Darkness surrounds me like a balmy overcoat in the snow. The drapes on the window of my room are never drawn and only the most persistent sunrays enter during the day. As at night, light from the bulbs and tubes of my neighbours and beyond coalesce terrifyingly and slither in from under the doorway. I haven’t always been perverse to light. I used to play football at the Methodist High School in the city of my birth. Our coach was a nun of the name Ms Hargreaves. Her skin was devoid of any lustre, gnarled, it looked as if it would relinquish its bearer altogether and fall to the ground in a lump. Nevertheless, she was sprightly as they come for a septuagenarian. Her alacrity earned her the name ‘Hercules’ among the students, which we thought was pleasant play. She would walk onto the pitch in her nun’s robes, with a stick as lean as herself, and order us on drills and games like an orchestra conductor, true to her trade, never actually touching the ball. I impressed her with my defensive strength and offensive vision and was told to mind the midfield. Eugene from the football team is still my friend. He often comes over for drinks and sometimes asks me for the keys to bring his girlfriend over. Poor Eugie. He owns half the city but cannot take his girlfriend home where his mum sits sentinel. Not that I mind. They always leave the bed perfectly made. And once his girlfriend did my dishes too, which was a pleasant relief from the smell but I still told Eugene it was unnecessary. They only come when I take the night shift at work.
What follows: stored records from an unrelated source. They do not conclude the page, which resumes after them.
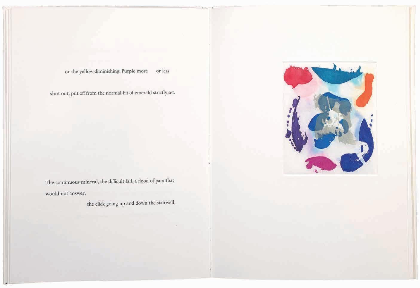Folio. (398 × 288 mm). [18 unnumbered leaves]. Kathleen Fraser’s verse iIllustrated with six original colour aquatints by Sam Francis and justification. Original publisher’s wrappers with title in blind to front cover, original publisher’s blue cloth box.
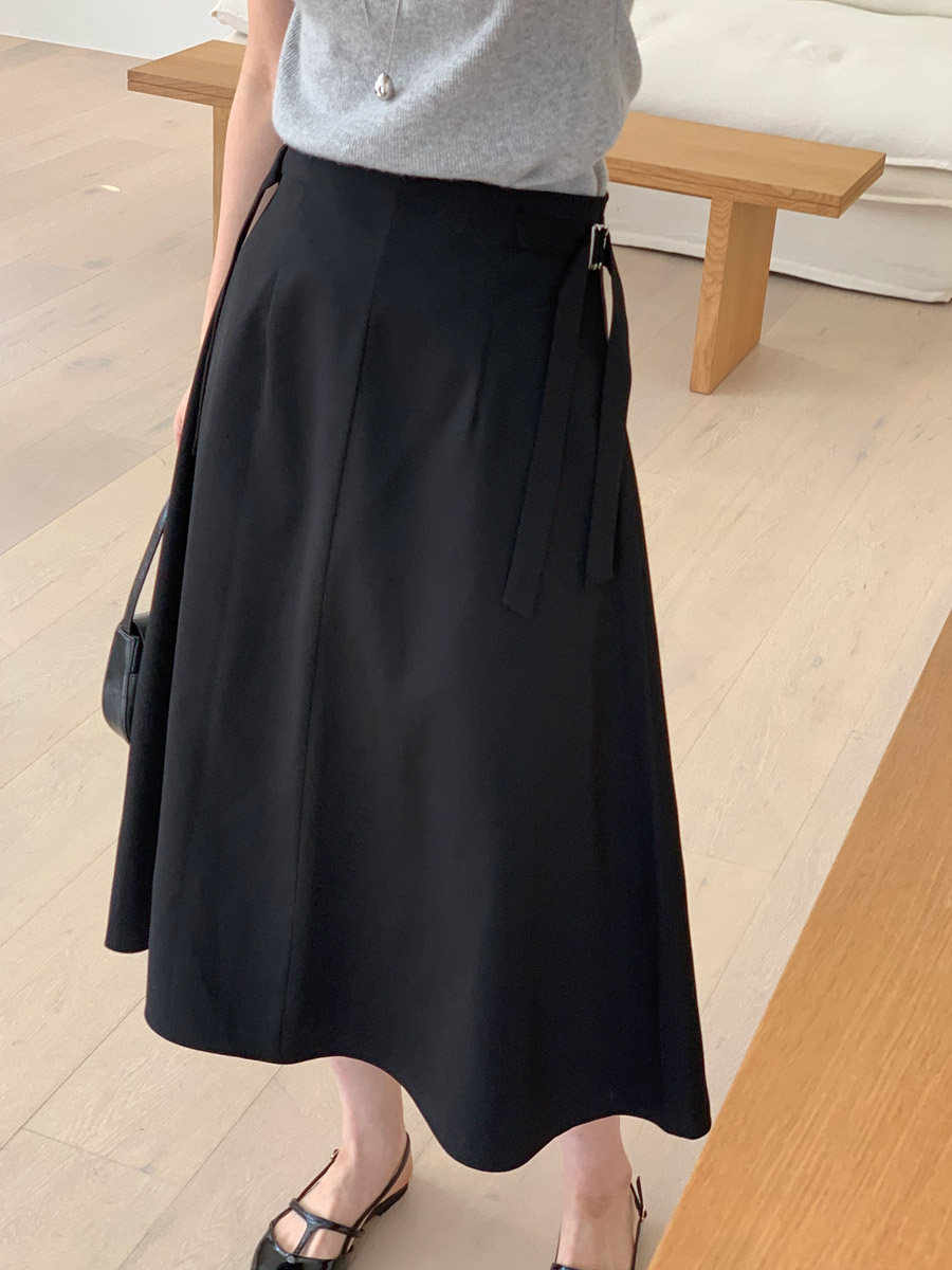 [당일배송] 로우니 버클 비조 플레어 A라인 롱 훌 스커트 3color
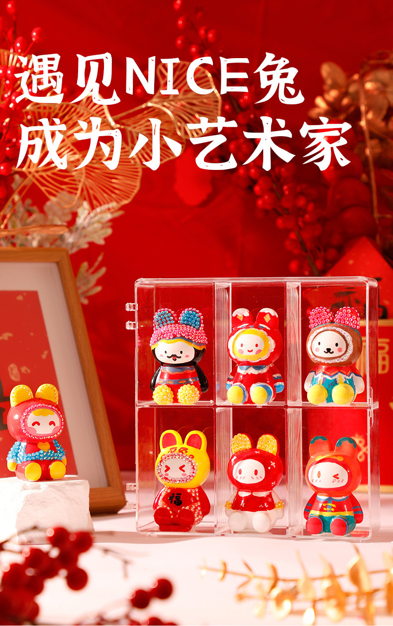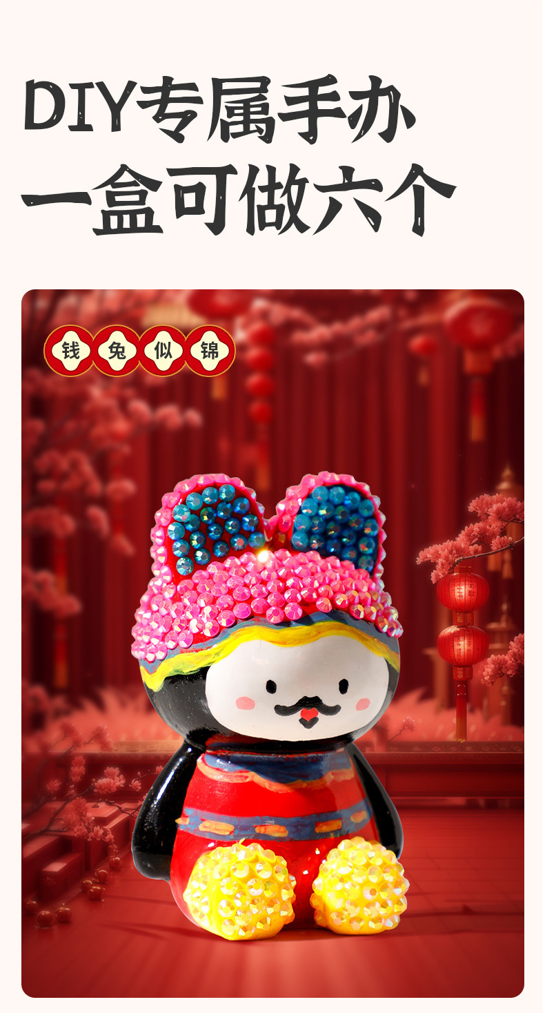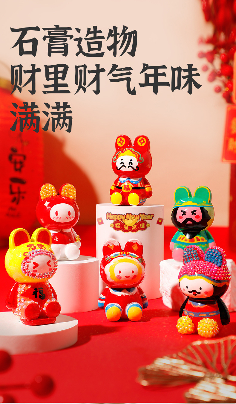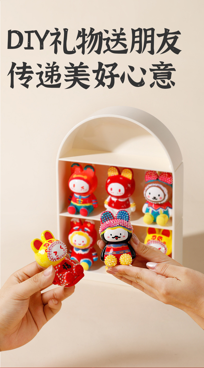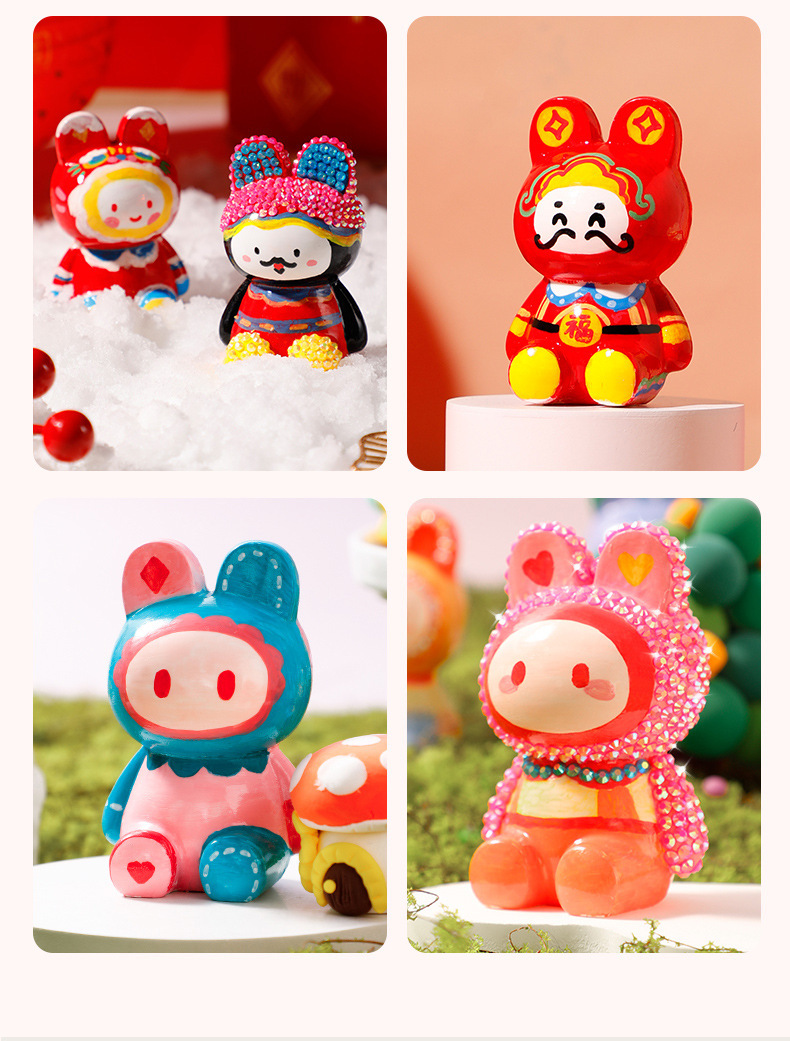 儿童石膏娃娃手工涂色贴钻兔子公仔模具diy制作石塑粘土涂鸦玩具
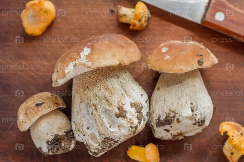 Лисички и белые грибы на деревянном столе
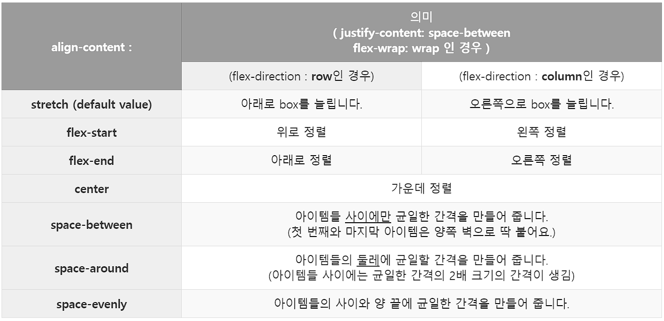 아이템들의 여러 행을 교차축(cross axis) 방향으로 정렬합니다.

My work. It is my understanding that in a few years my job would be executed by a machine, faster and cheaper than I am. Soon as they have enough data, I will be jobless, and my one-bedroom apartment with the leaking walls, the floor bed, the smelly kitchen, the rug with dirt embedded and the drapes that make everything dark and nice in my life; it will all be absorbed by the bosses, my life finding a happier reincarnation as a Bottichino countertop in a forgotten corner of the bosses’ bungalow, or their son’s aluminium hoverboard or a family trip to Maldives.
It is not my intention to malign providence and the bestowal of absolutely nothing upon me. Neither do I wish to convey envy of my friend Eugene or my bosses who have money and convenience and other things as I do not. It doesn’t bother me one bit. For hungry I came, hungry I will go, and hungry I remain while I yet draw my salary. And it is a fact well known that the greatest, most precious works have been borne by the starving and the drunk. We’ll just have to see what comes to pass.
It is time for me to go to dinner. With Susan and Eugene. Eugie is coming to pick me up, it saves the cab fare and fills the distance with conversation.
I put on a warm overcoat, wear a pair of jeans and take my sunglasses.
Downstairs a most ominous whimpering welcomes me. To the left of my building door I see what I think is a rag but when I get closer, gashes of red glistening like the twilight sun, enlighten me that it is really a dog. His slate coloured form is undulating onerously. He is young, perhaps of a couple years, but mauled terribly and about to die, sprawling like a defeated soldier. I touch his neck. Bleeding. Crying Dog, you must’ve gone to the wrong parts, hanging with the wrong crowd. The dog bawls. I look in his eye and see he truly wants me to caress him one last time before he departs. I touch him gently on his scruff, and the dog cries, in half delight.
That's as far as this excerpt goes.